Example of creating regions without interleaving, using all NVDIMMs:
# ipmctl create -goal PersistentMemoryType=AppDirectNotInterleaved
Alternatively, multiple NVDIMMs can be combined to form an interleaved set. This causes the data to be striped over multiple NVDIMM devices for improved read/write performance and allowing one region (also, PMEM-CSI volume) to be larger than single NVDIMM.
Example of creating regions in interleaved mode, using all NVDIMMs:
# ipmctl create -goal PersistentMemoryType=AppDirect
When running inside virtual machines, each virtual machine typically
already gets access to one region and ipmctl
is not needed inside
the virtual machine. Instead, that region must be made available for
use with PMEM-CSI because when the virtual machine comes up for the
first time, the entire region is already allocated for use as a single
block device:
# ndctl list -RN
{
"regions":[
{
"dev":"region0",
"size":34357641216,
"available_size":0,
"max_available_extent":0,
"type":"pmem",
"persistence_domain":"unknown",
"namespaces":[
{
"dev":"namespace0.0",
"mode":"raw",
"size":34357641216,
"sector_size":512,
"blockdev":"pmem0"
}
]
}
]
}
# ls -l /dev/pmem*
brw-rw---- 1 root disk 259, 0 Jun 4 16:41 /dev/pmem0
Labels must be initialized in such a region, which must be performed once after the first boot:
# ndctl disable-region region0
disabled 1 region
# ndctl init-labels nmem0
initialized 1 nmem
# ndctl enable-region region0
enabled 1 region
# ndctl list -RN
[
{
"dev":"region0",
"size":34357641216,
"available_size":34357641216,
"max_available_extent":34357641216,
"type":"pmem",
"iset_id":10248187106440278,
"persistence_domain":"unknown"
}
]
# ls -l /dev/pmem*
ls: cannot access '/dev/pmem*': No such file or directory
PMEM-CSI uses Go modules and thus can be checked out and (if that should be desired) built anywhere in the filesystem. Pre-built container images are available and thus users don't need to build from source, but they will still need some additional files. To get the source code, use:
git clone https://github.com/intel/pmem-csi
This section assumes that a Kubernetes cluster is already available with at least one node that has persistent memory device(s). For development or testing, it is also possible to use a cluster that runs on QEMU virtual machines, see the "QEMU and Kubernetes".

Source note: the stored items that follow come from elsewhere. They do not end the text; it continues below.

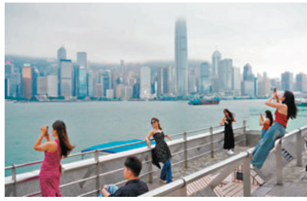
▲天文台指南海低壓區勢發展成熱帶低氣壓。

內地中央氣象台及日本氣象廳發出的熱帶氣旋移動路徑概率圖，大致都料該熱帶低氣壓會先向北移動，在珠江口西部登陸，並有可能掠過廣州一帶，後在內陸轉向東趨向福建廈門至福州，有颱風網站的移動路徑概率圖顯示，該熱帶氣旋會再出海經過台灣海峽，吹襲台灣地區。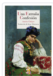
UNA EXTRAÑA CONFESIÓN CHÉROV, ANTON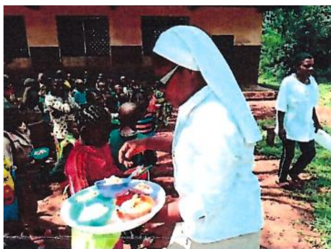
Partage de repas par la Sœur Responsable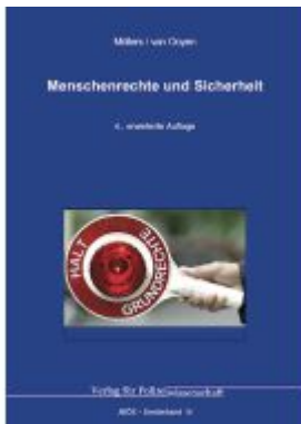
Menschenrechte und Sicherheit Ladenpreis: 41,10EUR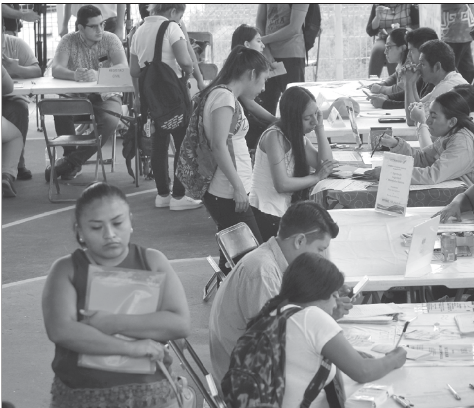
▲ La Secretaría de Fomento Económico y el Servicio Nacional de Empleo tienen el objetivo de reducir la brecha salarial y fomentar el trabajo formal.

Según el Instituto Nacional de Estadística y Geografía (Inegi) la población de las mujeres activas económicamente disminuyó mil 528 el cuarto trimestre del 2023 a comparación del mismo periodo en 2022. La población subocupada en Yucatán de hombres pasó de 51 mil 501 a 54 mil 643 y de mujeres de 31 mil 246 a 39 mil 712.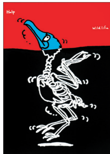
Wild Life Help (oil bird) / 1991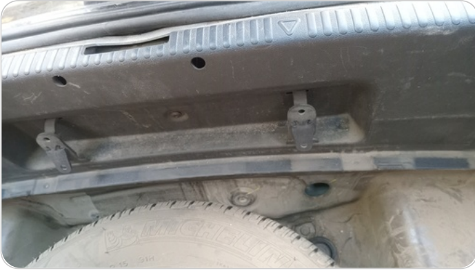
ستارة شنطة خلفية : صدمة بسيطة

- Make sure that the alpha feature gates CSINodeInfo and CSIDriverRegistry are enabled
The method to configure alpha feature gates may vary, depending on the Kubernetes deployment. It may not be necessary anymore when the feature has reached beta state, which depends on the Kubernetes version.
- Label the cluster nodes that provide persistent memory device(s)
$ kubectl label node <your node> storage=pmem
- Set up certificates
Certificates are required as explained in Security.
If you are not using the test cluster described in
Starting and stopping a test cluster
where certificates are created automatically, you must set up certificates manually.
This can be done by running the ./test/setup-ca-kubernetes.sh
script for your cluster.
This script requires "cfssl" tools which can be downloaded.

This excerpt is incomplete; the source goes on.